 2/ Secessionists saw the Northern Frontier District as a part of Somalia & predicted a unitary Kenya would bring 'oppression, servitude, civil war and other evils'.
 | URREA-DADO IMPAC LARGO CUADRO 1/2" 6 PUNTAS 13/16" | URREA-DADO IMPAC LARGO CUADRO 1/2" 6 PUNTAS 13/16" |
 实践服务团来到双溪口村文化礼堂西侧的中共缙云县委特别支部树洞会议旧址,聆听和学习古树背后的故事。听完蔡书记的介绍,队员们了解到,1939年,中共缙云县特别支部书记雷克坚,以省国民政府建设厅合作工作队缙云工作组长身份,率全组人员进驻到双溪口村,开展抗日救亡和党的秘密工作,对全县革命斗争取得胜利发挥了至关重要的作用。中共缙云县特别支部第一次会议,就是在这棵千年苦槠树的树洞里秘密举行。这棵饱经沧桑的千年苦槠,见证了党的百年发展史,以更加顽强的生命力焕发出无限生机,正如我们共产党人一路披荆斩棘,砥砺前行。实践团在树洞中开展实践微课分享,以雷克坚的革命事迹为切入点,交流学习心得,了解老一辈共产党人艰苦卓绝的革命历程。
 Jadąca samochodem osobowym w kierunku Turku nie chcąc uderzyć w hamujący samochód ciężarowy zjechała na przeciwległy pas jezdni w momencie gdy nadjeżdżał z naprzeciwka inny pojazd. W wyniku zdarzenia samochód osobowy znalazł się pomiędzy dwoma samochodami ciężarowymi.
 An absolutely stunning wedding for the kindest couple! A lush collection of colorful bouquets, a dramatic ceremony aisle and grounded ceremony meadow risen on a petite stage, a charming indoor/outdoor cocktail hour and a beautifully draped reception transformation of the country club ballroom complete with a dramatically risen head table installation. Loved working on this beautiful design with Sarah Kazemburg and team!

==

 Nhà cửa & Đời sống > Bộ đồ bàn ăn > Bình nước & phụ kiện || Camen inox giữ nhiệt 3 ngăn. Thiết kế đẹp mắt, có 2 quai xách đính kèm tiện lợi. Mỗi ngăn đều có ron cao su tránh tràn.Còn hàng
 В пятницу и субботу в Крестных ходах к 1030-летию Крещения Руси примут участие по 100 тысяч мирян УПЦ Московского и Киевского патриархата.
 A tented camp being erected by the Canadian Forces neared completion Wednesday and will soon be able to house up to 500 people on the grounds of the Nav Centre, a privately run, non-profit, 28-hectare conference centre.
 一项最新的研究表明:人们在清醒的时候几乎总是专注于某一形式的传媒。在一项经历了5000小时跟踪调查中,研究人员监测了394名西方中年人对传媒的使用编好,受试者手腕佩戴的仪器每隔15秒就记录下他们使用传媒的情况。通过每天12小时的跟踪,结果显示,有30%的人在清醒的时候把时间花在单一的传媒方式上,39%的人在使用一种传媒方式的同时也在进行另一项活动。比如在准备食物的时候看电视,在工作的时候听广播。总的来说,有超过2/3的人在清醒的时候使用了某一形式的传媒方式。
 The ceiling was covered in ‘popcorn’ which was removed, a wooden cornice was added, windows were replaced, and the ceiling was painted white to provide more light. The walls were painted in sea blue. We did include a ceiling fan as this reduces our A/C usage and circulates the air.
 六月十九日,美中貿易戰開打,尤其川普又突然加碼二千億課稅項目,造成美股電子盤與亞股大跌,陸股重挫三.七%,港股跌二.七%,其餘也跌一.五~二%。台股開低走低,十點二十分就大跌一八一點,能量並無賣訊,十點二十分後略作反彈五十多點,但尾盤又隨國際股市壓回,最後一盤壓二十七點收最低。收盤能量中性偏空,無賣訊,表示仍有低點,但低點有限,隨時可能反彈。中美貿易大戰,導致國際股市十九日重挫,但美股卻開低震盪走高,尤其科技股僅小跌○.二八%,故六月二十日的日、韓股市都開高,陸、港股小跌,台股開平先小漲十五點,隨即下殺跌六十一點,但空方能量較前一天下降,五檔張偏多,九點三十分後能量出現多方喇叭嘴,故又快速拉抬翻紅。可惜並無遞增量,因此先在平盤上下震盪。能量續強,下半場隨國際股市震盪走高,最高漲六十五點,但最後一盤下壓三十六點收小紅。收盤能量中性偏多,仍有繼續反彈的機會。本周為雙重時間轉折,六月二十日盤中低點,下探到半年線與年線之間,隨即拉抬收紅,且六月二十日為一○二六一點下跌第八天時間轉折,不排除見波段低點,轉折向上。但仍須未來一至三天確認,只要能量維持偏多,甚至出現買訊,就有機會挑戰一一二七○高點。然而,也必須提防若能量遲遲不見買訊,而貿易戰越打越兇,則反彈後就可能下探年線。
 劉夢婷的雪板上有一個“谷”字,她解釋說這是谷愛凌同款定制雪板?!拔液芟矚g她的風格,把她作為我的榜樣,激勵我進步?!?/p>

▶ ACTION ITEM:
Return only the stretch of the material above from the line holding "一项最新的研究表明:人们在清" through the line holding "The ceiling was covered", copied exactly.

▶ ANSWER BELOW:
 一项最新的研究表明:人们在清醒的时候几乎总是专注于某一形式的传媒。在一项经历了5000小时跟踪调查中,研究人员监测了394名西方中年人对传媒的使用编好,受试者手腕佩戴的仪器每隔15秒就记录下他们使用传媒的情况。通过每天12小时的跟踪,结果显示,有30%的人在清醒的时候把时间花在单一的传媒方式上,39%的人在使用一种传媒方式的同时也在进行另一项活动。比如在准备食物的时候看电视,在工作的时候听广播。总的来说,有超过2/3的人在清醒的时候使用了某一形式的传媒方式。
 The ceiling was covered in ‘popcorn’ which was removed, a wooden cornice was added, windows were replaced, and the ceiling was painted white to provide more light. The walls were painted in sea blue. We did include a ceiling fan as this reduces our A/C usage and circulates the air.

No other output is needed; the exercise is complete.